Repeat only the stretch of lines below that runs from the line with "柳有着好脾性,最容易成活。有" through the line with "untidy Numeral-in-Vertical-Bars '225'", unaltered.

--- Extracted material Enclosed Below ---

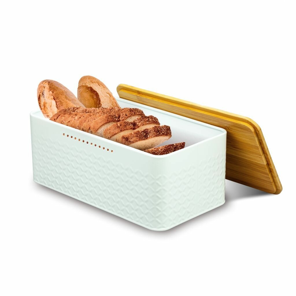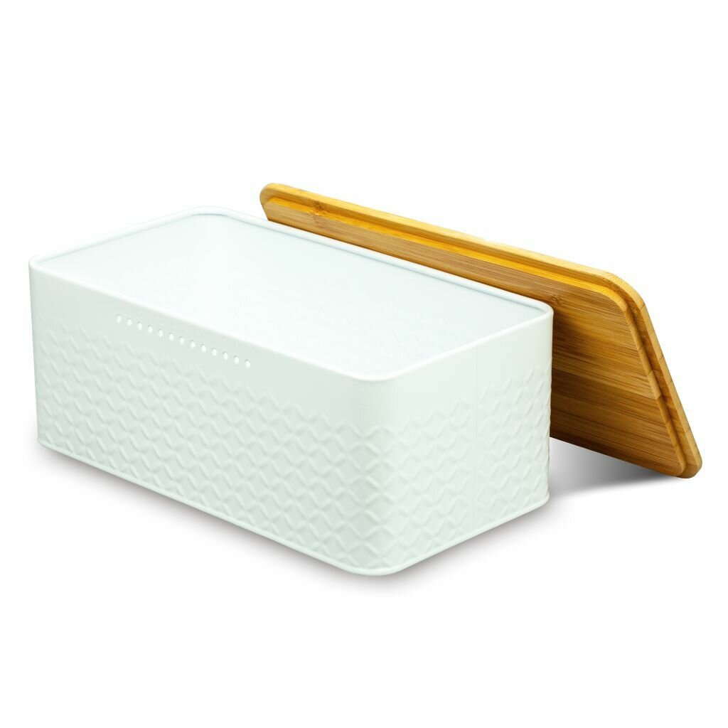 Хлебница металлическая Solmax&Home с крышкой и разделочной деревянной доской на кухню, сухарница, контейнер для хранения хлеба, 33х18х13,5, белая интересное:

--- End of Enclosed Extracted material ---
--- Extracted material Enclosed Below ---

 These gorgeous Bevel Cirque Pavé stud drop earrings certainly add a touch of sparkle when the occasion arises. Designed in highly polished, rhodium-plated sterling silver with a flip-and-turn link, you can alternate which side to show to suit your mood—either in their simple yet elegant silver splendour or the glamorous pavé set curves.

--- End of Enclosed Extracted material ---
--- Extracted material Enclosed Below ---

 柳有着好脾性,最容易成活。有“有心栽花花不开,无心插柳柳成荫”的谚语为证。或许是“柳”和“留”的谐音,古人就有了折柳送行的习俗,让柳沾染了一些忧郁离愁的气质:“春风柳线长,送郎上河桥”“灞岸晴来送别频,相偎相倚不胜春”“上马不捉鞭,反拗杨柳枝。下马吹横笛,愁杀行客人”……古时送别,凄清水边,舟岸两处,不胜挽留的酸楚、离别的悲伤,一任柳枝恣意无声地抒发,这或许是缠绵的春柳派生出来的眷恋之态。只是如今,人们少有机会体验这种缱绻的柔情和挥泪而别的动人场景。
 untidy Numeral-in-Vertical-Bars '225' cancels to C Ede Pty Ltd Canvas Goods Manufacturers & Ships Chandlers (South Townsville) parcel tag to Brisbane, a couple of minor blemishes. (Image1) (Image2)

--- End of Enclosed Extracted material ---

Result for this exercise:
 柳有着好脾性,最容易成活。有“有心栽花花不开,无心插柳柳成荫”的谚语为证。或许是“柳”和“留”的谐音,古人就有了折柳送行的习俗,让柳沾染了一些忧郁离愁的气质:“春风柳线长,送郎上河桥”“灞岸晴来送别频,相偎相倚不胜春”“上马不捉鞭,反拗杨柳枝。下马吹横笛,愁杀行客人”……古时送别,凄清水边,舟岸两处,不胜挽留的酸楚、离别的悲伤,一任柳枝恣意无声地抒发,这或许是缠绵的春柳派生出来的眷恋之态。只是如今,人们少有机会体验这种缱绻的柔情和挥泪而别的动人场景。
 untidy Numeral-in-Vertical-Bars '225' cancels to C Ede Pty Ltd Canvas Goods Manufacturers & Ships Chandlers (South Townsville) parcel tag to Brisbane, a couple of minor blemishes. (Image1) (Image2)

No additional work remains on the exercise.